The number of people on welfare in Australia is such that, to quote Minister Porter, welfare will go from 25 per cent to 50 per cent of the budget over the next 10 years. It is all very well for our friends from the ALP on the left-hand side of the House to say, 'Horrific—we can't cut back on pensions.' That is something that I would agree with them on. But it would be nice if they pointed out where we are going to get the extra money from. Is there some sort of tree that money grows on that we can grab this money from? Not only are they shrinking the budget, but the government is quite rightly pointing out that they have contributed greatly to the cost of electricity in this country. That has risen from $700 12 years ago. Let us say $700 every decade, so it would have gone from $700 to nearly $3,000, say a rise of $2,000, so in the next 10 years they will be finding $5,000 for electricity.

This is really very simple. For 25 years in Queensland, and I suspect in Australia, we had a nice gentle growth in electricity charges. It was about three per cent for the 10 years before the marker point, which was deregulation and privatisation. Both sides of this parliament agree 100 per cent—every ALP government in Australia privatised the electricity industry and—I exaggerate slightly there—every LNP government Australia privatised and corporatised. All of them deregulated the industry completely and shifted ownership over to an arms-length corporation. So what we have now is a corporatised industry, no longer a government department charging the cost of electricity to the people. We now have a privatised entity, which some governments are milking and some owners of these corporations are using as a milking cow.

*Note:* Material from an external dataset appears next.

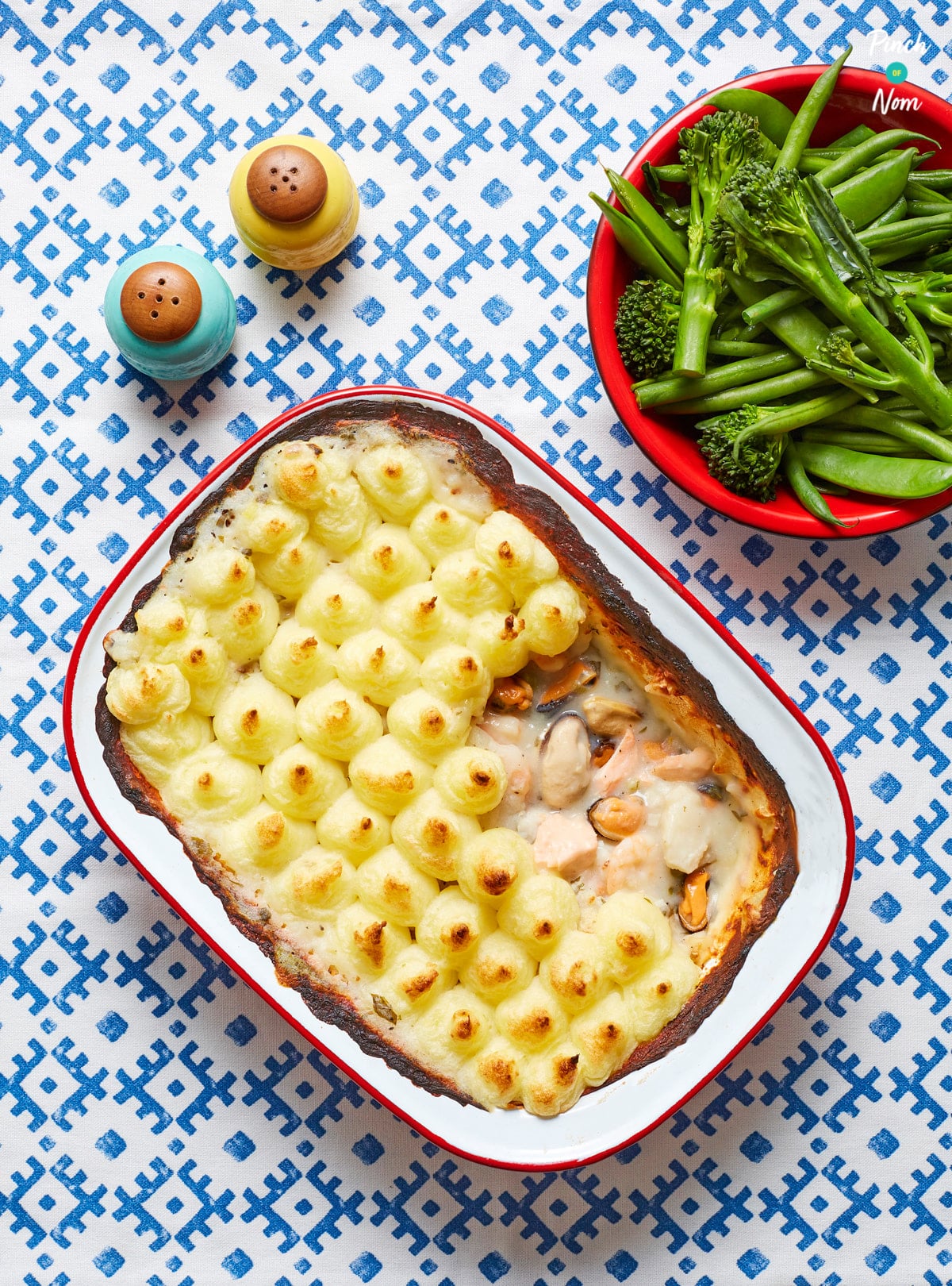 เนื้อปลาในครีมชีสและซอสกุยช่าย ราดด้วยมันบดและเชดดาร์ชีส

We knew exactly what was going to happen under privatisation and deregulation. The model is California. The central player in the Californian electricity industry was Enron. When it was privatised they kicked the charges up by some 600 to 700 per cent and did not deliver the electricity. Why? They do not have any responsibility to deliver electricity. They are just a person out there in the marketplace, saying, 'We sell electricity. We do not have to deliver a reliable service to the people. We do not have to do that.'

Exactly the same has happened in Australia. Quite frankly, what the Labor Party has said in this place about the government is 100 per cent true. They really have no solution to the current situation. But it could well be said that the government is 100 per cent right in attributing 30 per cent of the increase to the imposition of the environmental charges.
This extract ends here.